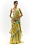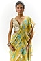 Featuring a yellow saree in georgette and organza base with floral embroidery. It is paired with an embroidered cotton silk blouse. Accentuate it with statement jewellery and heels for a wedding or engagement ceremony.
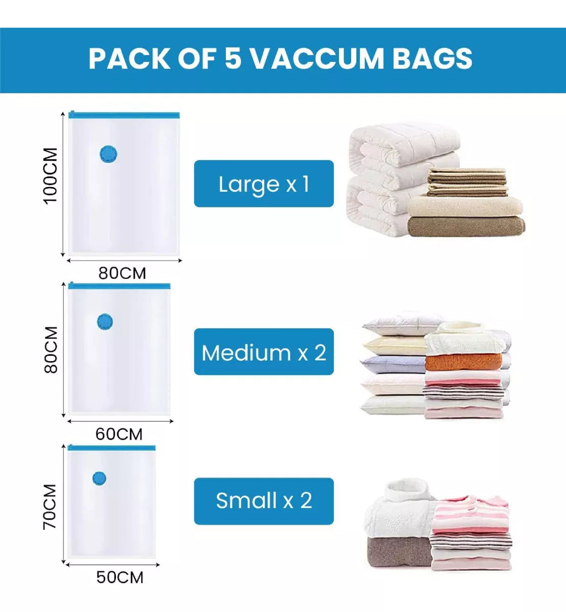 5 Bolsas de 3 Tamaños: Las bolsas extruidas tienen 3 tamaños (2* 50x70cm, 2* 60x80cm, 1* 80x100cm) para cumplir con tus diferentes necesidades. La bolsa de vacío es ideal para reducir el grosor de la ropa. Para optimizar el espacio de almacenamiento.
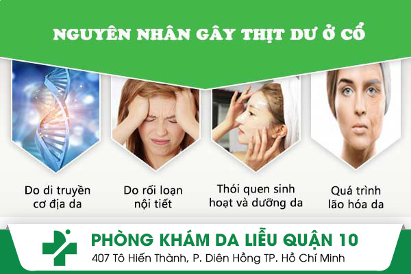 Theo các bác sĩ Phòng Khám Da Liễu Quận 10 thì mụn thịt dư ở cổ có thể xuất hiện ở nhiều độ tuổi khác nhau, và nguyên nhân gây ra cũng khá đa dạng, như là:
----
→ TASK ITEM:
Make an exact copy of the listing, with no images in it.

→ SOLUTION FOR THIS EXERCISE:
 Featuring a yellow saree in georgette and organza base with floral embroidery. It is paired with an embroidered cotton silk blouse. Accentuate it with statement jewellery and heels for a wedding or engagement ceremony.
 5 Bolsas de 3 Tamaños: Las bolsas extruidas tienen 3 tamaños (2* 50x70cm, 2* 60x80cm, 1* 80x100cm) para cumplir con tus diferentes necesidades. La bolsa de vacío es ideal para reducir el grosor de la ropa. Para optimizar el espacio de almacenamiento.
 Theo các bác sĩ Phòng Khám Da Liễu Quận 10 thì mụn thịt dư ở cổ có thể xuất hiện ở nhiều độ tuổi khác nhau, và nguyên nhân gây ra cũng khá đa dạng, như là:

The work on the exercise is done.